# Waterproof Uninsulated Jacket



## MuddyCreek (May 10, 2016)

I'm looking for some type of uninsulated waterproof jacket. 
I have all kinds of waterproof insulated jackets, but I'm looking for something to wear at hot rainy hunt tests and things like that. I'm VERY hot natured already so I think gore-tex is one of the best waterproof products from my experience. Just trying to find something that will keep the rain off as well as breathe a little. Any suggestions??


----------



## bshaf (Apr 29, 2015)

Check out the kuiu line of gear... they have some great stuff.

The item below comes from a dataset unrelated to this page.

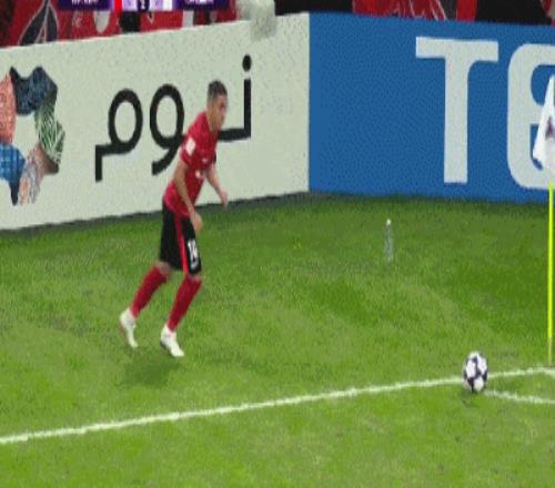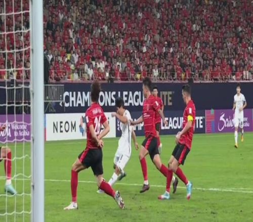 第34分钟,周定洋进球了,这也是成都蓉城顶住了江原队一顿狂攻之后的一次沉重的反击。当时成都蓉城获得了一个角球机会,元敏诚在禁区内摆渡至周定洋的脚下,周定洋迎球便射,将场上的比分改写为1-0领先。

May not be tough as some but if you think Gore Tex is breathable, there's a whole lot of new fabrics that will blow your mind, and keep you dry!


----------



## BonMallari (Feb 7, 2008)

Foot Joy /Dry Joy golf rain jackets, they also have the short sleeve models that can be worn in more humid and higher temp conditions..Zero Restriction is another golf specific jacket very pricey $$$$, but sheds water like a duck..Ashworth used to make good stuff but I think they dropped their rain gear line..

my brother wears the Helly Hansen stuff and it too will shed water but when it rains in Idaho it usually is cold too so it works well...

Guess it just depends on what part of the country you live in, and if you are looking for summer or fall rain wear


----------



## MuddyCreek (May 10, 2016)

North Alabama so just imagine the hot with humidity you can cut with a knife!


----------



## BonMallari (Feb 7, 2008)

MuddyCreek said:


> North Alabama so just imagine the hot with humidity you can cut with a knife!


stick with the golf specific wear, the best time to buy it is during the summer at outlet stores if you have them nearby..Adidas, Nike, and Greg Norman also make lightweight rain jackets that will keep you dry in humid weather

disclaimer : I used to be in the golf business, so I am a bit biased toward that kind of attire for active rainwear


----------



## David Maddox (Jan 12, 2004)

I bought a Snakeyes rain suit from Golfsmith for $80+ for the suit. It's best bang for the buck that I've found, and I have 2 of the high dollar Boathouse rain suits for work. Snakeyes make the suit in black, blue, and white. At least that's what I've seen at the GS by me.


----------